MCP protocol only (Streamable HTTP /servers/{id}/mcp endpoint):

Target Users Duration Mode Description
make load-test-mcp-protocol 150 2 min Headless MCP-only with reports
make load-test-mcp-protocol-ui 150 2 min Web UI MCP-only with class picker
make load-test-mcp-protocol-heavy 500 5 min Headless Heavy MCP sustained load

Component baselines (individual servers, database, cache):

Target Description
make load-test-baseline Fast Time Server REST API (1000 users, 3 min)
make load-test-baseline-ui Baseline with class picker
make load-test-fasttime Fast Time MCP tools (50 users, 60s)

Configuration

Override defaults via environment variables:

# Custom user count and spawn rate
LOADTEST_USERS=2000 LOADTEST_SPAWN_RATE=100 make load-test-ui

# Custom host (default: http://localhost:8080 via nginx)
LOADTEST_HOST=http://localhost:4444 make load-test-cli

# Limit worker processes (default: auto-detect CPUs)
LOADTEST_PROCESSES=4 make load-test-ui

# Custom run time
LOADTEST_RUN_TIME=10m make load-test-cli

User Classes

The Locust UI provides a class picker to select different user behavior profiles:

User Class Weight Description
HealthCheckUser 5 Health endpoint only
ReadOnlyAPIUser 30 GET endpoints (tools, servers, etc.)
AdminUIUser 10 Admin dashboard pages
MCPJsonRpcUser 15 MCP JSON-RPC protocol
WriteAPIUser 5 POST/PUT/DELETE operations
StressTestUser 1 High-frequency requests
FastTimeUser 20 Fast Time MCP server
RealisticUser 10 Mixed realistic workload
HighThroughputUser - Maximum RPS (separate file)

High-Concurrency Testing (4000+ Users)

For testing with 4000+ concurrent users:

  1. Tune the OS first:

    sudo scripts/tune-loadtest.sh
    

  2. Ensure limits are set:

    ulimit -n   # Should be 65536
    ulimit -u   # Should be 65536
    

  3. Run the load test:

    make load-test-ui
    

  4. Monitor during test:

    # In separate terminals:
    watch -n1 'ss -s'           # Socket statistics
    docker stats                # Container resources
    

Locust Files

File Purpose
tests/loadtest/locustfile.py Main locustfile — all endpoints, 20+ user classes
tests/loadtest/locustfile_mcp_protocol.py MCP Streamable HTTP protocol only — 6 user classes
tests/loadtest/locustfile_highthroughput.py Fast endpoints only — optimized for maximum RPS
tests/loadtest/locustfile_baseline.py Component baselines — REST, MCP direct, PostgreSQL, Redis
tests/loadtest/locustfile_spin_detector.py CPU spin loop detection (escalating waves)
tests/loadtest/locustfile_slow_time_server.py Timeout / circuit breaker testing

Performance Tips

  • Start small: Test with 100-500 users first to identify bottlenecks
  • Scale gradually: Increase users in steps (500 → 1000 → 2000 → 4000)
  • Monitor errors: High error rates indicate server saturation
  • Check p95/p99: Tail latency matters more than average
  • Use constant_throughput: For predictable RPS instead of random waits
  • Nginx caching: Admin pages use 5s TTL caching by default (see Nginx Tuning)

📦 Test Data Generation

Before running load tests against a realistic dataset, populate the database with synthetic data.
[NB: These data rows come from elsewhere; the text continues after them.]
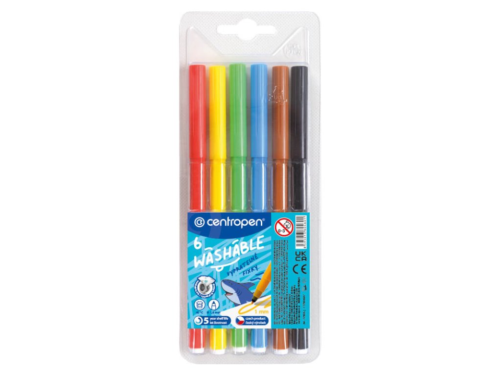 barevné popisovače, zdravotně nezávadný inkoust, odolávají vyschnutí až 5 let, vypratelné, ventilační chránítko, válcový hrot odolný proti zatlačení, šířka stopy 1 mmDoplňkové parametry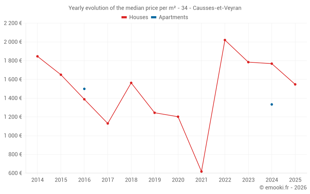 The median price on the 15 house transactions of the last 24 months in the municipality of Causses-et-Veyran was 1 890 € per square meter for a median property value of 227 600 €. Over this period, 60% of transactions were between 1 427 and 2 323 € per square meter (from the 2nd to the 8th deciles).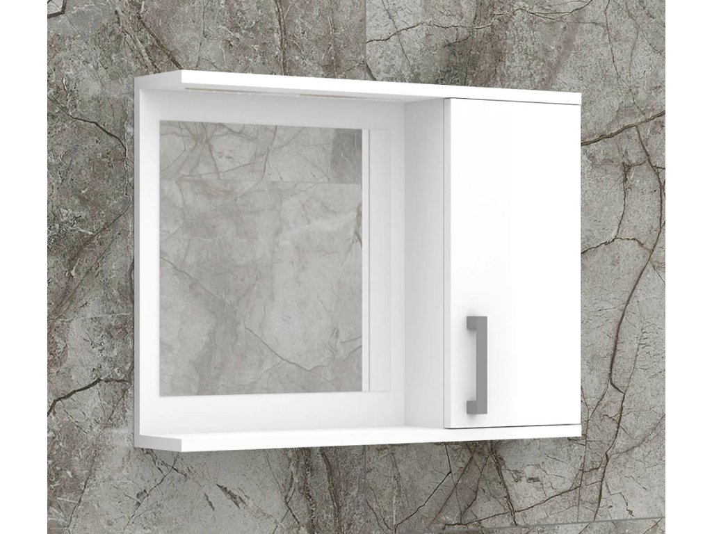 Závesná kúpeľňová skrinka so zrkadlom, poličkou a LED osvetlením. Skrinka má poličku a jedny dvierka so striebornou úchytkou. Vnútri sú dve nastaviteľné police. Súčasťou LED osvetlenia (230V/40W) je aj trafo a káble. Vypínač nie je súčasťou dodávky. Skrinka je určená na zavesenie na stenu.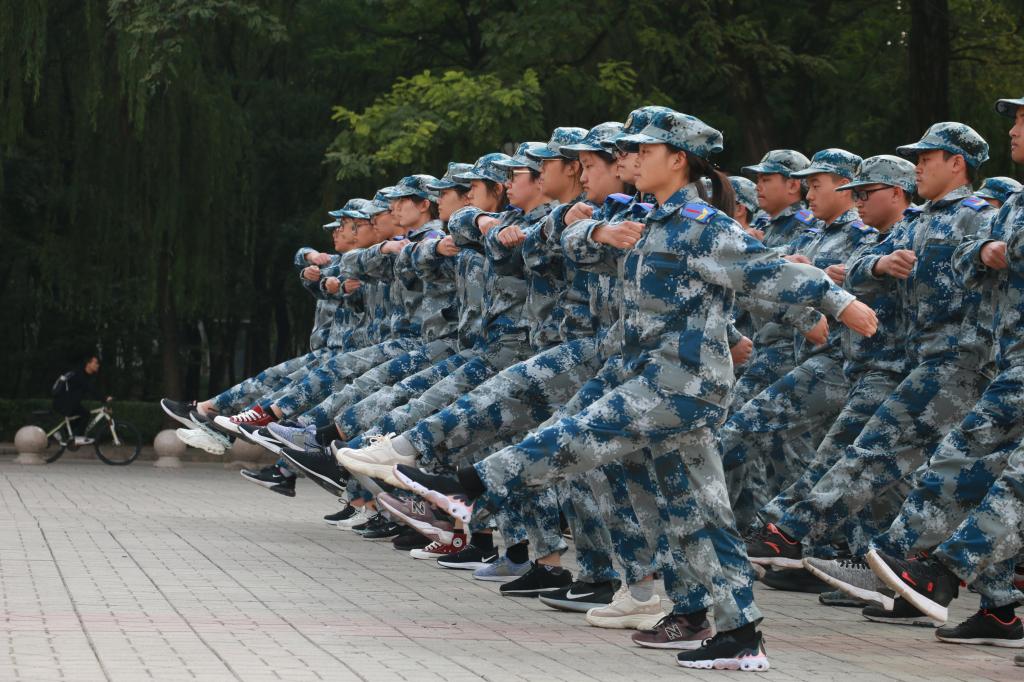 他们的目光炯炯有神,他们的精神饱满展现积极向上的活力。他们的脚,踏得比平时更用劲,更用心,比训练时更加坚定。尤其是走正步时,整齐划一的步调比任何声音都更能形成凝聚力,铿锵有力的步伐体现的是军人那排山倒海的气势和所向披靡的气概

The tests/load/ framework generates production-scale data across 29 entity types (users, teams, tools, servers, metrics, sessions, etc.).

Quick Start

# Generate small dataset (100 users, ~74K records, <1 minute)
make generate-small

# Generate medium dataset (10K users, ~70M records, ~10 min, needs PostgreSQL)
make generate-medium

# View generated data report
make generate-report

Profiles

Profile Users Records Time Database Command
Small 100 ~74K <1 min SQLite OK make generate-small
Medium 10K ~70M ~10 min PostgreSQL make generate-medium
Large 100K ~700M ~1-2 hrs PostgreSQL make generate-large
Massive 1M ~7B ~10-20 hrs PostgreSQL + high-end make generate-massive

Why it matters for load testing: Many performance bottlenecks (N+1 queries, sequential scans, pagination overhead) only manifest with realistic data volumes. Testing with an empty database hides these issues.
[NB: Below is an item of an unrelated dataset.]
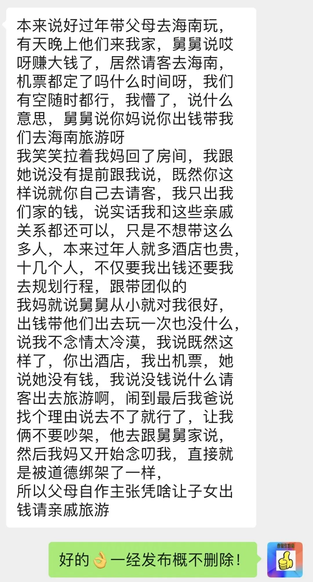 今天投稿的网友诉说父母擅自决定请舅舅一家旅游?来看看是发生了什么事 ···············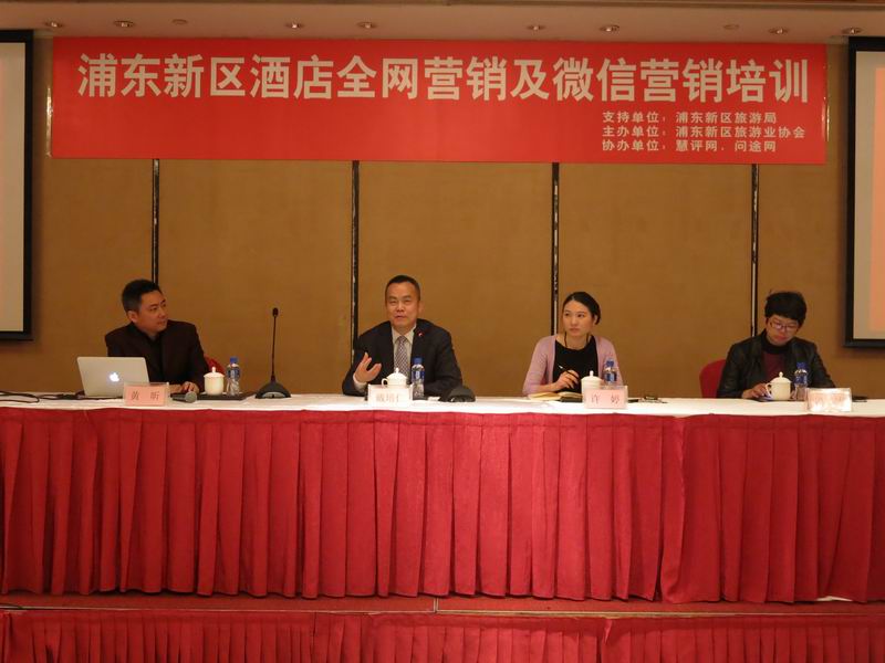 4月15日、16日,为期2天的浦东新区酒店全网营销及微信营销培训在上海明悦大酒店顺利举行,旨在通过此次培训,酒店能结合自身情况,逐渐建立社交媒体的统一管理,使得酒店微信、微博更加系统化且更具规模和影响力。浦东新区近60家酒店营销负责人参加了此次培训,浦东新区旅游业协会副会长、外高桥皇冠假日业主方总经理戴培仁、问途信息技术有限公司创始人黄昕、慧评网高级营销副总裁冯洁等出席会议。会议由浦东新区旅游业协会秘书长许婷主持。

For full documentation, configuration options, and custom profiles, see tests/load/README.md.


🔌 MCP Protocol Load Testing

The MCP Streamable HTTP endpoint (/servers/{id}/mcp) has different performance characteristics than the REST API. A dedicated load test isolates MCP protocol overhead from other endpoints.

Quick Start

# MCP protocol test (150 users, 2 min, headless with reports)
make load-test-mcp-protocol

# MCP protocol test with Web UI (class picker to select user types)
make load-test-mcp-protocol-ui

# Heavy MCP test (500 users, 5 min)
make load-test-mcp-protocol-heavy

What It Tests

The MCP protocol load test (locustfile_mcp_protocol.py) sends JSON-RPC requests exclusively to /servers/{server_id}/mcp. It auto-detects a virtual server with the most tools and discovers available tools, resources, and prompts via MCP protocol at startup.

User Classes (selectable via --class-picker in Web UI):

User Class Weight Simulates
MCPAgentUser 10 Realistic AI agent with up to 6 tools — init, discover, call 1-3 tools per turn
MCPToolCallerUser 5 Heavy tools/call in tight loop
MCPDiscoveryUser 3 Discovery-heavy — tools/list, resources/list, prompts/list, templates
MCPSessionChurnUser 2 New MCP session every cycle (serverless worst-case)
MCPStressUser 1 constant_throughput(5) for predictable sustained load
RESTBaselineUser 0 /rpc + REST comparison baseline (opt-in via class picker)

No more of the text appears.